══ Exercise data ══

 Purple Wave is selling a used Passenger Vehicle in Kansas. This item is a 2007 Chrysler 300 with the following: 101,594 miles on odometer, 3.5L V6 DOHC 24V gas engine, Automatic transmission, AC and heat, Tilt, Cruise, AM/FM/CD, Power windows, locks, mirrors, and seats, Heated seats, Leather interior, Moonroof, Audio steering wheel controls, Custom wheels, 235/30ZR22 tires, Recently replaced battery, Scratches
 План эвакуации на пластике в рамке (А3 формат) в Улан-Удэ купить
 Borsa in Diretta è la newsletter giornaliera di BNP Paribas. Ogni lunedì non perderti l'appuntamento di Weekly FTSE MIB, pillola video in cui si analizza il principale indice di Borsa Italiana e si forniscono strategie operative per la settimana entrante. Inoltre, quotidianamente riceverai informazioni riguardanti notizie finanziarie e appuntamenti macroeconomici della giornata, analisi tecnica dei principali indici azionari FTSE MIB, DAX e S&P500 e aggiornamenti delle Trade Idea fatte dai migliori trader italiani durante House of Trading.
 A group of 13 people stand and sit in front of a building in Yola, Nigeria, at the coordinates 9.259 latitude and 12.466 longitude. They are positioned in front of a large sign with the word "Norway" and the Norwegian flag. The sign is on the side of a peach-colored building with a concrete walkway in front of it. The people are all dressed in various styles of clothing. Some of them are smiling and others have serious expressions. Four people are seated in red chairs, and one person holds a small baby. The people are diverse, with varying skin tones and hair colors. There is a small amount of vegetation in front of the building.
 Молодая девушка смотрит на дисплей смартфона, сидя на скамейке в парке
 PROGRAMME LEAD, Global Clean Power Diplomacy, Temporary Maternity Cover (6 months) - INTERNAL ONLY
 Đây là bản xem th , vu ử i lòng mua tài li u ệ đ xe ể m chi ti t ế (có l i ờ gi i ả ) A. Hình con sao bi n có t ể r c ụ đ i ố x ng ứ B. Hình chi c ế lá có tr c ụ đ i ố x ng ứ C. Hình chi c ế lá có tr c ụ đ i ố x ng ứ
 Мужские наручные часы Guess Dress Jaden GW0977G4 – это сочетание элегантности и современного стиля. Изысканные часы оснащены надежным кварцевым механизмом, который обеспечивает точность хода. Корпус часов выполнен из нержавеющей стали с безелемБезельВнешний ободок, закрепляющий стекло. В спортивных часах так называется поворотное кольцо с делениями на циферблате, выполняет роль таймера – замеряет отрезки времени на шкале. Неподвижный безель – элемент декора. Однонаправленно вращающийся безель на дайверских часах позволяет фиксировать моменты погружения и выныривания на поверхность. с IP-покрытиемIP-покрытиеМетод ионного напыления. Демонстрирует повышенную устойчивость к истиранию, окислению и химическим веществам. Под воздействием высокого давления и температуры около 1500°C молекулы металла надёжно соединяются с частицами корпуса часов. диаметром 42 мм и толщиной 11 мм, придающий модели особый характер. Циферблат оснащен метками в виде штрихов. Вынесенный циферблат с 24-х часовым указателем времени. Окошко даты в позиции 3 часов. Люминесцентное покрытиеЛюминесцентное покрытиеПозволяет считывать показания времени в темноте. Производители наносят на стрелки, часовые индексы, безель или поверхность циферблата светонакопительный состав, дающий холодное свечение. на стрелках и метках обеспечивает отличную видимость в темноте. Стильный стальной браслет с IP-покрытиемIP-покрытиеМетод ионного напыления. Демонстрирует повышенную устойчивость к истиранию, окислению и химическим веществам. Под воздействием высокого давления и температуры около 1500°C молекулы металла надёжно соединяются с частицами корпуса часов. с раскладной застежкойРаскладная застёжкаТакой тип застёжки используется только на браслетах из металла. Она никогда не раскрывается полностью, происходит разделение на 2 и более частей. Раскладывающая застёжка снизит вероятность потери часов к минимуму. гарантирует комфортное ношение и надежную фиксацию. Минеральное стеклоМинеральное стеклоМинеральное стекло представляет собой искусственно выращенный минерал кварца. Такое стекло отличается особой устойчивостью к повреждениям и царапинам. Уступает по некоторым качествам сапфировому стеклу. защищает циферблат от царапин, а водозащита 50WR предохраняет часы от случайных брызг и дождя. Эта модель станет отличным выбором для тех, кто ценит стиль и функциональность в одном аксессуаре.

═══

# Task to complete:
An exact copy of the data is needed.

# Response to the task:
 Purple Wave is selling a used Passenger Vehicle in Kansas. This item is a 2007 Chrysler 300 with the following: 101,594 miles on odometer, 3.5L V6 DOHC 24V gas engine, Automatic transmission, AC and heat, Tilt, Cruise, AM/FM/CD, Power windows, locks, mirrors, and seats, Heated seats, Leather interior, Moonroof, Audio steering wheel controls, Custom wheels, 235/30ZR22 tires, Recently replaced battery, Scratches
 План эвакуации на пластике в рамке (А3 формат) в Улан-Удэ купить
 Borsa in Diretta è la newsletter giornaliera di BNP Paribas. Ogni lunedì non perderti l'appuntamento di Weekly FTSE MIB, pillola video in cui si analizza il principale indice di Borsa Italiana e si forniscono strategie operative per la settimana entrante. Inoltre, quotidianamente riceverai informazioni riguardanti notizie finanziarie e appuntamenti macroeconomici della giornata, analisi tecnica dei principali indici azionari FTSE MIB, DAX e S&P500 e aggiornamenti delle Trade Idea fatte dai migliori trader italiani durante House of Trading.
 A group of 13 people stand and sit in front of a building in Yola, Nigeria, at the coordinates 9.259 latitude and 12.466 longitude. They are positioned in front of a large sign with the word "Norway" and the Norwegian flag. The sign is on the side of a peach-colored building with a concrete walkway in front of it. The people are all dressed in various styles of clothing. Some of them are smiling and others have serious expressions. Four people are seated in red chairs, and one person holds a small baby. The people are diverse, with varying skin tones and hair colors. There is a small amount of vegetation in front of the building.
 Молодая девушка смотрит на дисплей смартфона, сидя на скамейке в парке
 PROGRAMME LEAD, Global Clean Power Diplomacy, Temporary Maternity Cover (6 months) - INTERNAL ONLY
 Đây là bản xem th , vu ử i lòng mua tài li u ệ đ xe ể m chi ti t ế (có l i ờ gi i ả ) A. Hình con sao bi n có t ể r c ụ đ i ố x ng ứ B. Hình chi c ế lá có tr c ụ đ i ố x ng ứ C. Hình chi c ế lá có tr c ụ đ i ố x ng ứ
 Мужские наручные часы Guess Dress Jaden GW0977G4 – это сочетание элегантности и современного стиля. Изысканные часы оснащены надежным кварцевым механизмом, который обеспечивает точность хода. Корпус часов выполнен из нержавеющей стали с безелемБезельВнешний ободок, закрепляющий стекло. В спортивных часах так называется поворотное кольцо с делениями на циферблате, выполняет роль таймера – замеряет отрезки времени на шкале. Неподвижный безель – элемент декора. Однонаправленно вращающийся безель на дайверских часах позволяет фиксировать моменты погружения и выныривания на поверхность. с IP-покрытиемIP-покрытиеМетод ионного напыления. Демонстрирует повышенную устойчивость к истиранию, окислению и химическим веществам. Под воздействием высокого давления и температуры около 1500°C молекулы металла надёжно соединяются с частицами корпуса часов. диаметром 42 мм и толщиной 11 мм, придающий модели особый характер. Циферблат оснащен метками в виде штрихов. Вынесенный циферблат с 24-х часовым указателем времени. Окошко даты в позиции 3 часов. Люминесцентное покрытиеЛюминесцентное покрытиеПозволяет считывать показания времени в темноте. Производители наносят на стрелки, часовые индексы, безель или поверхность циферблата светонакопительный состав, дающий холодное свечение. на стрелках и метках обеспечивает отличную видимость в темноте. Стильный стальной браслет с IP-покрытиемIP-покрытиеМетод ионного напыления. Демонстрирует повышенную устойчивость к истиранию, окислению и химическим веществам. Под воздействием высокого давления и температуры около 1500°C молекулы металла надёжно соединяются с частицами корпуса часов. с раскладной застежкойРаскладная застёжкаТакой тип застёжки используется только на браслетах из металла. Она никогда не раскрывается полностью, происходит разделение на 2 и более частей. Раскладывающая застёжка снизит вероятность потери часов к минимуму. гарантирует комфортное ношение и надежную фиксацию. Минеральное стеклоМинеральное стеклоМинеральное стекло представляет собой искусственно выращенный минерал кварца. Такое стекло отличается особой устойчивостью к повреждениям и царапинам. Уступает по некоторым качествам сапфировому стеклу. защищает циферблат от царапин, а водозащита 50WR предохраняет часы от случайных брызг и дождя. Эта модель станет отличным выбором для тех, кто ценит стиль и функциональность в одном аксессуаре.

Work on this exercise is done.